"""

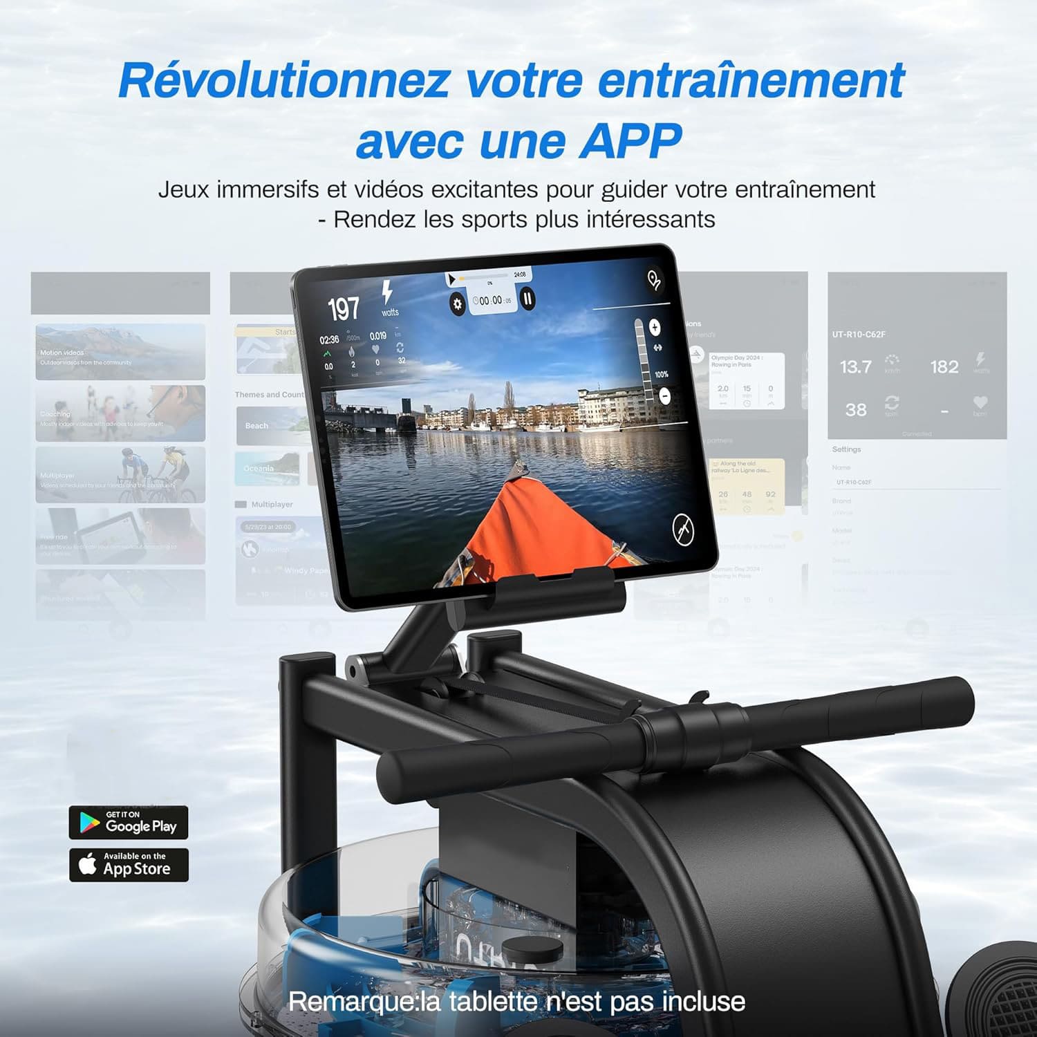 Le support tablette intégré permet de regarder des vidéos ou suivre des séances interactives pour une expérience plus motivante et engageante.
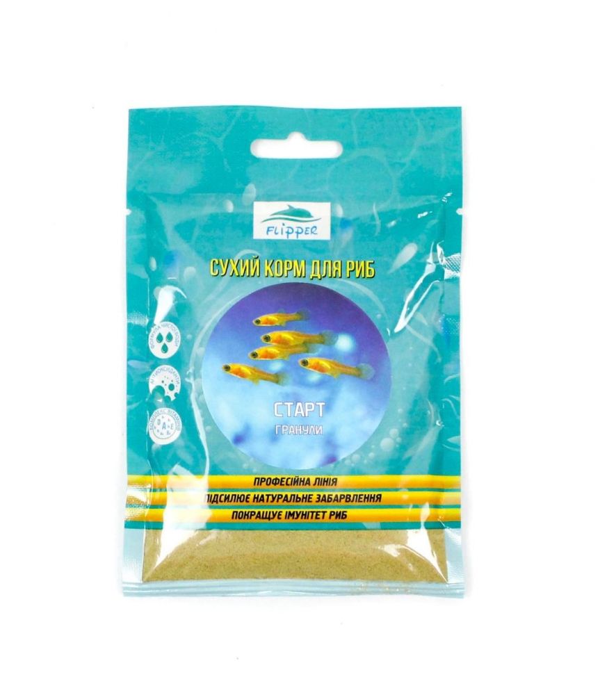 СТАРТ Flipper - гранули для мальківУніверсальний корм для мальків Старт. Спеціальний стартовий корм для мальків ікромечущих рибок (лабіринтові, барбуси, даніо, сомики) з перших днів життя. Добре узгоджується з іншими видами кормів. як штучних, і живих. Баланс компонентів сприяє зростанню та зміцненню імунітету рибок. Повністю відсутні патогенні організми. Чи не погіршує якість води, не каламутить воду.Чому варто купити універсальний корм для мальків Золота рибка Старт- сприяє швидкому зростанню- якісний склад- високоефективний стартовий корм- підходить для щоденного вживанняСклад:білків 47, жирів 6,5, клітковини 3,0, а також необхідний комплекс вітамінів та мінералів у фізіологічно оптимальних для малька концентраціях.Застосування:для малька віком до 1 місяця - до 8 разів на добу в кількості до 100 маси корму ваги рибки: від 1 до 2-х місяців - 3-5 разів на добу в кількості 30 від маси рибки після 2-х місяців - 2-3 рази на добу в кількості 15 корми від 150000000000 Якщо ні, порцію потрібно зменшити.
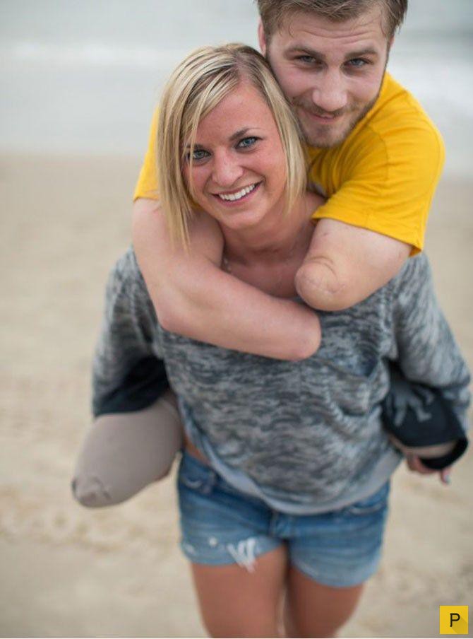 Эта история настоящей любви облетела интернет несколько лет назад. Ветеран войны в Афганистане, подорвавшись на бомбе, потерял все конечности, но чудом остался жив. По возвращении домой его 23-летняя невеста Келли не только не бросила любимого, но и помогла ему в буквальном смысле снова «встать на ноги», даже несмотря на то, что ног у него больше нет.
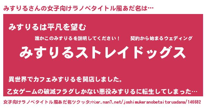 | 男性向けラノベタイトル風あだ名 | 『Re:みすりるから始める異世界生活』 |
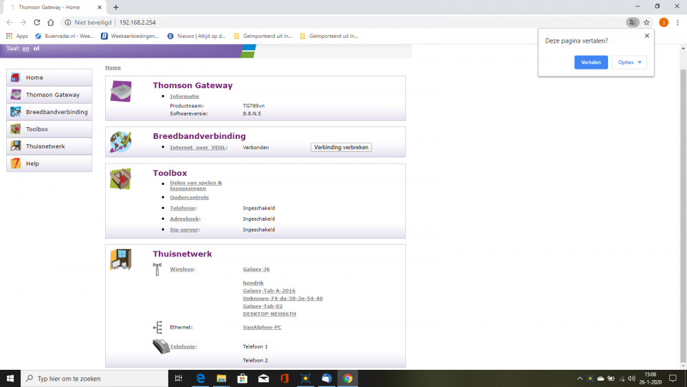 Home Thomson Gateway Breedbandverbinding Toolbox Thuisnetwerk Apparaten Interfaces Help Home > Thuisnetwerk Thuisnetwerk Wireless WLAN: Thomson309B22 (13Mbps) DESKTOP-NEHS6TH UPnP MediaServer Unknown-bc-a5-8b-36-97-d2 Galaxy-Tab-A-2016 Galaxy-Tab-S2 Unknown-74-da-38-3e-54-40 Ethernet ethport1 (100Mbps) VanAlphen-PC ethport2 (100Mbps) ethport3 (100Mbps) ethport4 (100Mbps) Telefonie Telefoon 1 Telefoon 1 Telefoon 2 Telefoon 2

"""

All the lines above are to be given again exactly as they read, with the pictures removed.

■ EXERCISE ANSWER:
 Le support tablette intégré permet de regarder des vidéos ou suivre des séances interactives pour une expérience plus motivante et engageante.
 СТАРТ Flipper - гранули для мальківУніверсальний корм для мальків Старт. Спеціальний стартовий корм для мальків ікромечущих рибок (лабіринтові, барбуси, даніо, сомики) з перших днів життя. Добре узгоджується з іншими видами кормів. як штучних, і живих. Баланс компонентів сприяє зростанню та зміцненню імунітету рибок. Повністю відсутні патогенні організми. Чи не погіршує якість води, не каламутить воду.Чому варто купити універсальний корм для мальків Золота рибка Старт- сприяє швидкому зростанню- якісний склад- високоефективний стартовий корм- підходить для щоденного вживанняСклад:білків 47, жирів 6,5, клітковини 3,0, а також необхідний комплекс вітамінів та мінералів у фізіологічно оптимальних для малька концентраціях.Застосування:для малька віком до 1 місяця - до 8 разів на добу в кількості до 100 маси корму ваги рибки: від 1 до 2-х місяців - 3-5 разів на добу в кількості 30 від маси рибки після 2-х місяців - 2-3 рази на добу в кількості 15 корми від 150000000000 Якщо ні, порцію потрібно зменшити.
 Эта история настоящей любви облетела интернет несколько лет назад. Ветеран войны в Афганистане, подорвавшись на бомбе, потерял все конечности, но чудом остался жив. По возвращении домой его 23-летняя невеста Келли не только не бросила любимого, но и помогла ему в буквальном смысле снова «встать на ноги», даже несмотря на то, что ног у него больше нет.
 | 男性向けラノベタイトル風あだ名 | 『Re:みすりるから始める異世界生活』 |
 Home Thomson Gateway Breedbandverbinding Toolbox Thuisnetwerk Apparaten Interfaces Help Home > Thuisnetwerk Thuisnetwerk Wireless WLAN: Thomson309B22 (13Mbps) DESKTOP-NEHS6TH UPnP MediaServer Unknown-bc-a5-8b-36-97-d2 Galaxy-Tab-A-2016 Galaxy-Tab-S2 Unknown-74-da-38-3e-54-40 Ethernet ethport1 (100Mbps) VanAlphen-PC ethport2 (100Mbps) ethport3 (100Mbps) ethport4 (100Mbps) Telefonie Telefoon 1 Telefoon 1 Telefoon 2 Telefoon 2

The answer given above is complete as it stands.